Aim of the exercise: Below are entries. Give back exactly the lines from the one containing "HAN Schreibtischorganizer SCALA" through the one containing "2023年3季度天然氣銷售公", inclusive, without the pictures.

▼

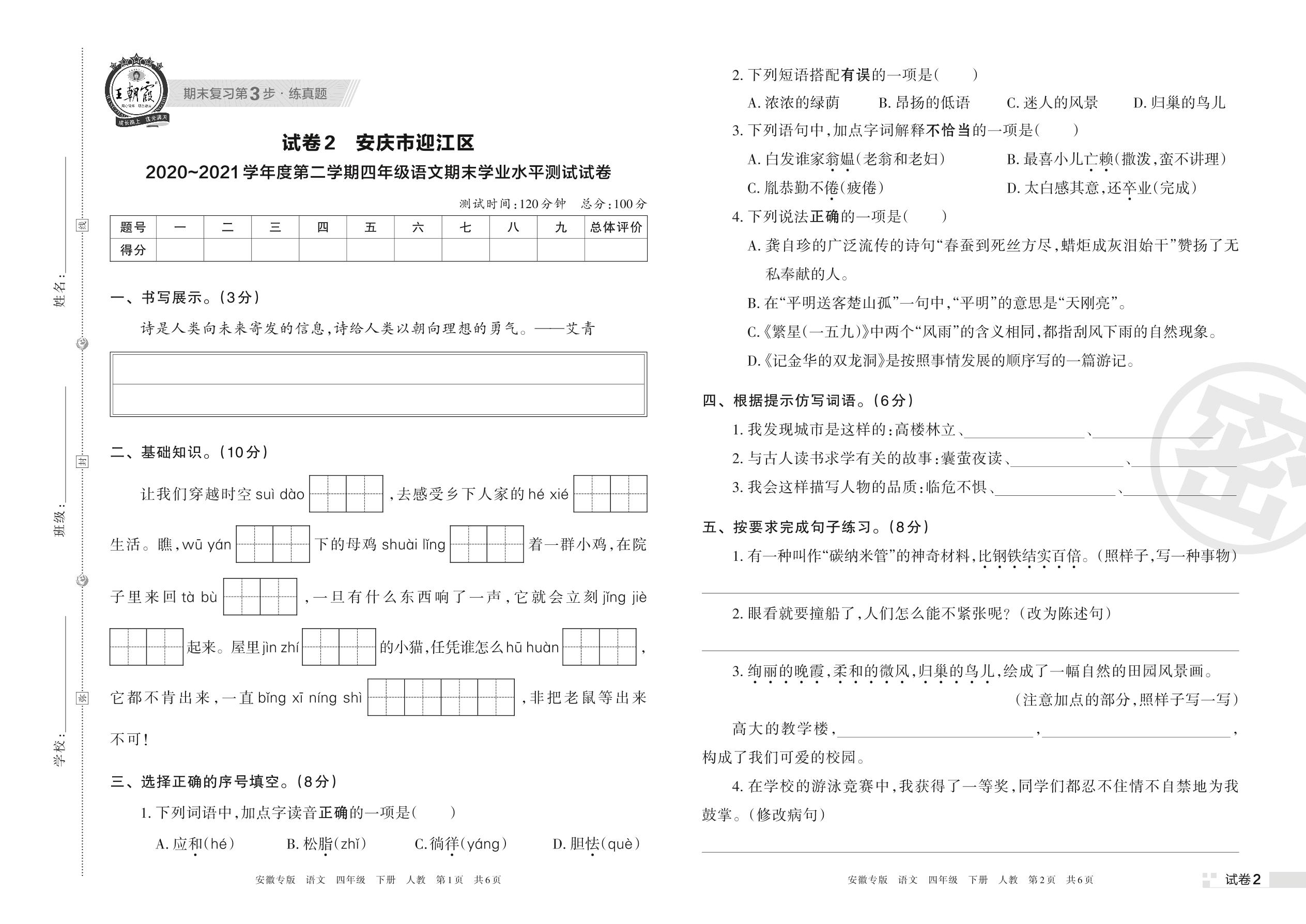 安庆市迎江区2020~2021学年度第二学期四年级语文期末学业水平测试试卷(人教版)【2】
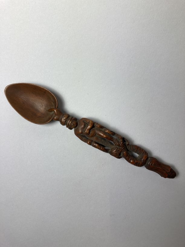 Lepel met het hoofd van een naakte mannenfiguur, die staat op een lusvormige geruwde tak met gestileerd lofwerk
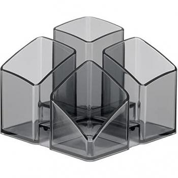 HAN Schreibtischorganizer SCALA – eleganter Köcher mit 4 Fächern und Kartenständer, transparent-grau
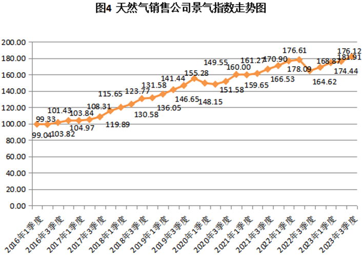 2023年3季度天然氣銷售公司景氣指數為181.91,處于景氣狀態。本季度與2023年2季度相比有小幅上升,景氣變動系數為1.033。其中,供求狀態較上季度有微幅下降,就業人員、價格變化較上季度微幅上升,員工收入、經營狀況較上季度有小幅上升,產品銷量較上季度有一定幅度上升。詳見圖4及表1。
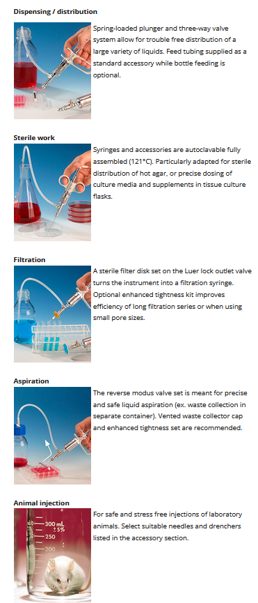 Syringes and accessories are autoclavable fully assembled 121°C / 250°F (without protection sleeve).
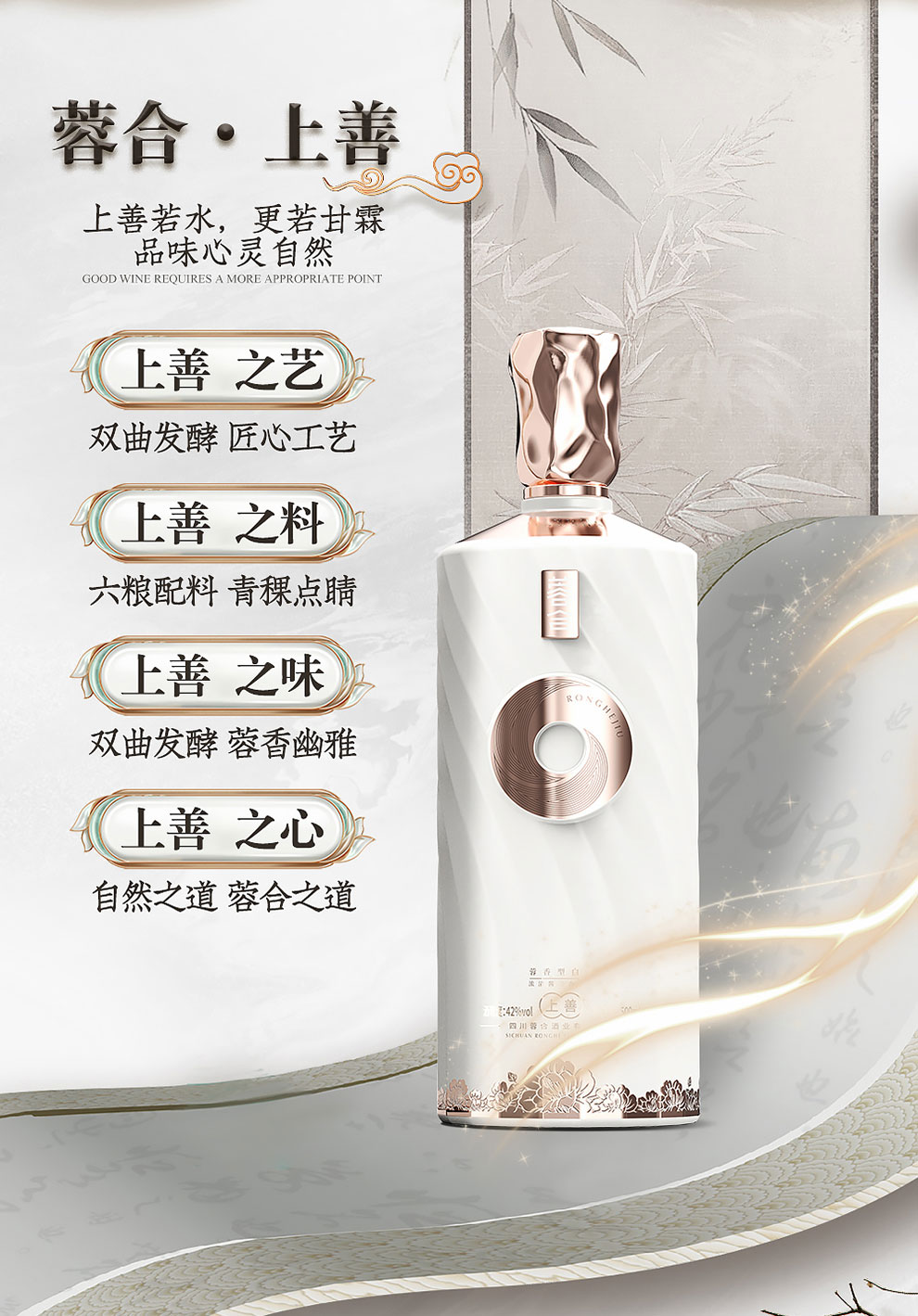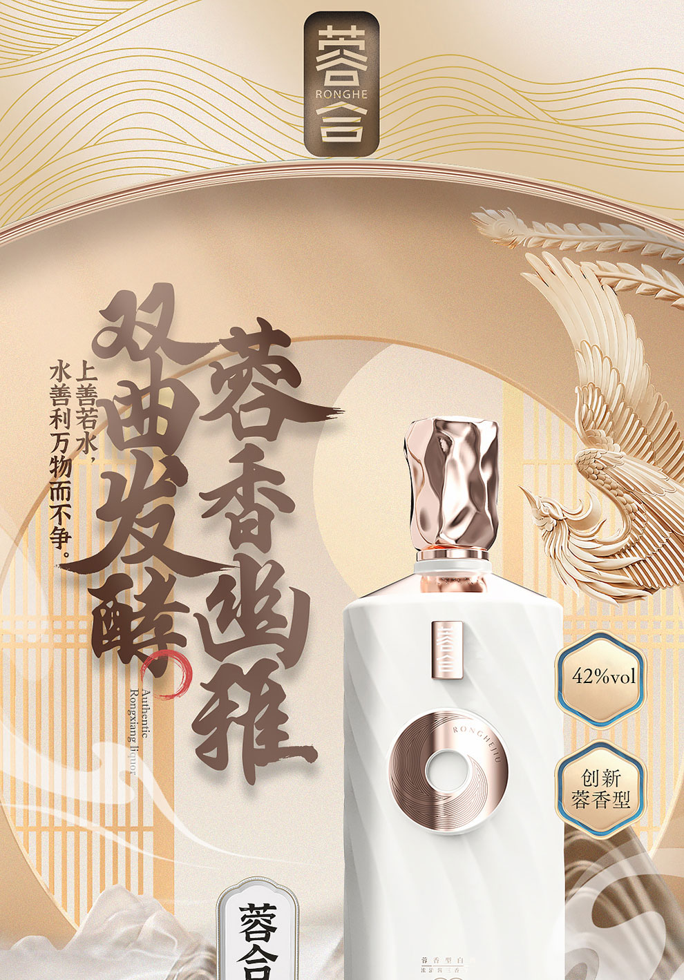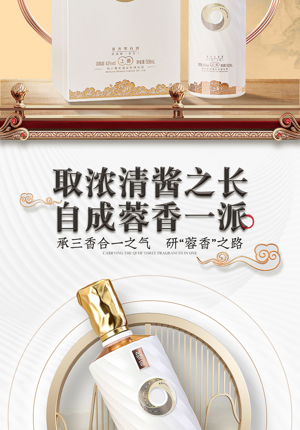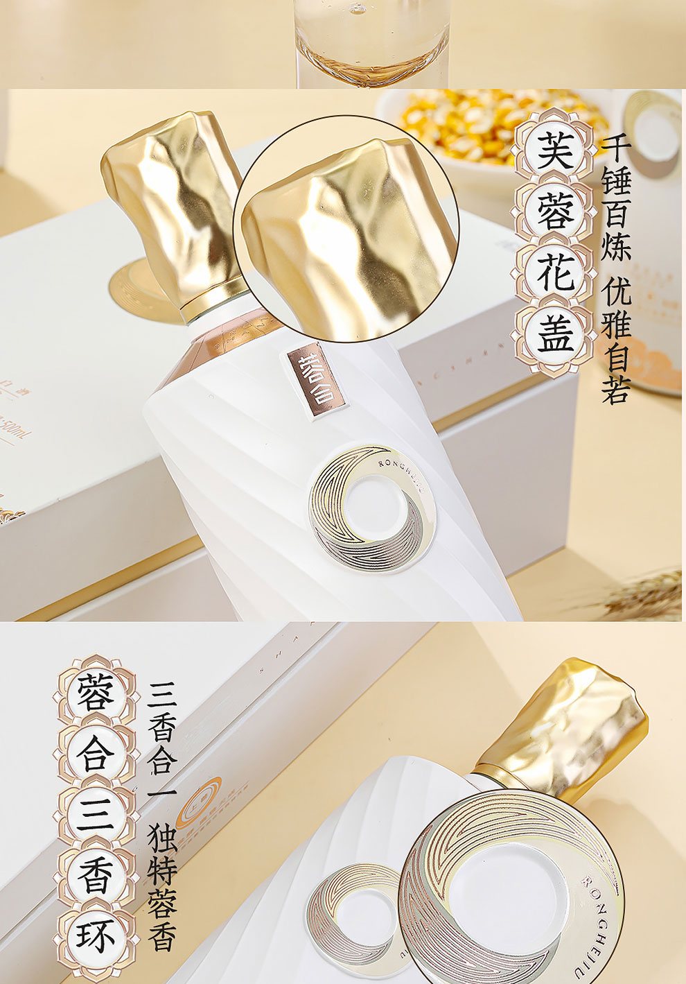 “蓉合”独特的超级视觉符号:蓉合三香环,其灵感来源于古老的金沙图腾太阳神鸟,以立体视觉述说浓清酱“三香合一”,在发酵过程中自然形成蓉香型白酒独特风格。蓉合莫比乌斯环:蓉合酿酒工艺传承与发展周而复始,生生不息。

▲

Answer area:
 HAN Schreibtischorganizer SCALA – eleganter Köcher mit 4 Fächern und Kartenständer, transparent-grau
 2023年3季度天然氣銷售公司景氣指數為181.91,處于景氣狀態。本季度與2023年2季度相比有小幅上升,景氣變動系數為1.033。其中,供求狀態較上季度有微幅下降,就業人員、價格變化較上季度微幅上升,員工收入、經營狀況較上季度有小幅上升,產品銷量較上季度有一定幅度上升。詳見圖4及表1。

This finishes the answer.